— Вы, Матвей Савельич, видно, не замечаете, что всегда говорите одно и то же, и все в пользу своего сословия, а ведь не оно страждет больше всех, но по его воле страждет весь народ.
Строгий и красивый, он всё повышал голос, и чем громче говорил, тем тише становилось в комнате. Сконфуженно опустив голову, Кожемякин исподлобья наблюдал за людьми — все смотрели на Максима, только тёмные зрачки горбуна, сократясь и окружённые голубоватыми кольцами белков, остановились на лице Кожемякина, как бы подстерегая его взгляд, да попадья, перестав работать, положила руки на колени и смотрела поверх очков в потолок.
Максим кончил говорить, поправил волосы.
— Прекрасно, очень хорошо! — воскликнула Галатская, ёрзая по дивану. — Нуте-ка, хозяин, что вы скажете?
И снова стало тихо, только дядя Марк недовольно сопел.
Кожемякин поднялся, опираясь руками на стол, и, не сдерживая сердитого волнения, сказал:
— Вздорно ты балагуришь, Максим, и даже неприятно слушать…
Все тихонько загудели, зашептались, а дядя Марк, подняв руку, ласково, но строго сказал:
— Спокойно, Матвей Савельич, спокойно!
— Что мне беспокоиться? — воскликнул Кожемякин, чувствуя себя задетым этим неодобрительным шёпотом. — Неправда всё! Что мне моё сословие? Я живу один, на всеобщем подозрении и на смеху, это — всем известно. Я про то говорил, что коли принимать — все люди равны, стало быть все равно виноваты и суд должен быть равный всем, — вот что я говорю! И ежели утверждают, что даже вор крадёт по нужде, так торговое сословие — того больше…
Галатская бесстыдно и громко засмеялась, Цветаев тоже фыркнул, по лицу горбуна медленно поползла к ушам неприятная улыбка — Матвей Савельев похолодел, спутался и замолчал, грузно опустясь на стул.
— Позвольте! — сразу прекратив шум, воскликнул дядя Марк и долго, мягко говорил что-то утешительное, примиряющее. Кожемякин, не вслушиваясь в его слова, чувствовал себя обиженным, грустно поддавался звукам его голоса и думал:
«Предпочитают мальчишку…»
После спора с дворником на собрании он ночью записал:
«Сегодня Максимка разошёлся во всю дерзость, встал при всех против меня и продолжительно оспаривал, а все — за него и одобряли. Сконфузился я, конечно; в своём доме, против своего же работника спорить невместно и недостойно. Даже удивительно, как это всем руководящий Марк Васильев не усмотрел несоответствия и допустил его до слова. Будь это Шакир, человек в летах и большой душевной солидности, — другое дело, а то — молодой паренёк, вроде бубенчика, кто ни тряхни — он звякнет. Конечно, Марку-то Васильичу мысли всегда дороже людей, но однако — откуда же у Максимки свои мысли явились бы? Мысли у всех — общие, и один им источник для всех — всё тот же Марк Васильич. Стал он теперь очень занят, дома бывает мало, ночами долго гуляет в полях, и поговорить душевно с ним не удаётся всё мне. И опять я как будто начинаю чувствовать себя отодвинутым в сторону и некоторой бородавкой на чужом носу».

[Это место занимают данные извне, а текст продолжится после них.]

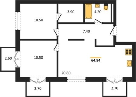 Площадь от 65 м2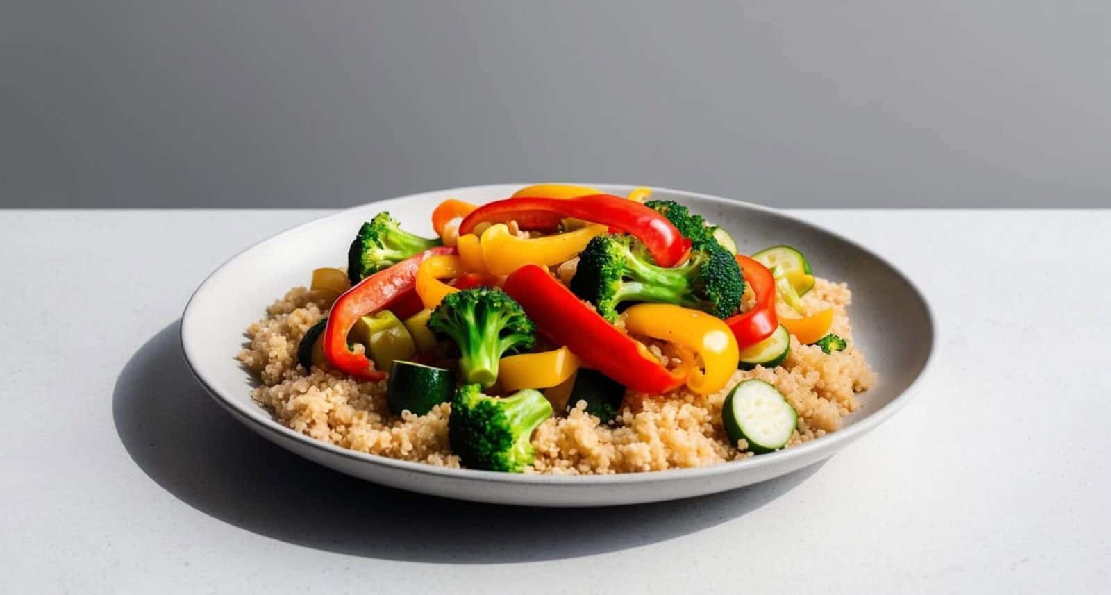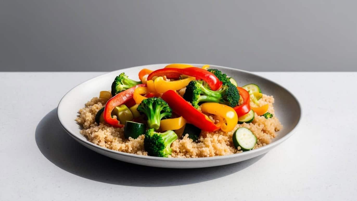 - Serve the vegetable stir-fry over a bed of cooked quinoa. Sprinkle with sesame seeds.1 tablespoon sesame seeds

Незаметно прошёл май, жаркий и сухой в этом году; позеленел сад, отцвела сирень, в молодой листве зазвенели пеночки, замелькали красные зоба тонконогих малиновок; воздух, насыщенный вешними запахами, кружил голову и связывал мысли сладкою ленью.
Манило за город, на зелёные холмы, под песни жаворонков, на реку и в лес, празднично нарядный. Стали собираться в саду, около бани, под пышным навесом берёз, за столом, у самовара, а иногда — по воскресеньям — уходили далеко в поле, за овраги, на возвышенность, прозванную Мышиный Горб, — оттуда был виден весь город, он казался написанным на земле ласковыми красками, и однажды Сеня Комаровский, поглядев на него с усмешечкой, сказал:
— Красив, подлец! А напоминает вора на ярмарке — снаружи разодет, а внутри — одни пакости…
Авдотья Горюшина поглядела на него пустыми глазами и заметила тихонько, не осуждая:
— Везде есть хорошие люди.
— Как во всякой лавочке — уксус, — не глядя на неё, проговорил горбун, а она, вздыхая, обратилась к Матвею Савельеву:
— Этого я не понимаю, про уксус…
Почти в первый раз она заговорила с ним, и Кожемякин вдруг обрадовался, засмеялся.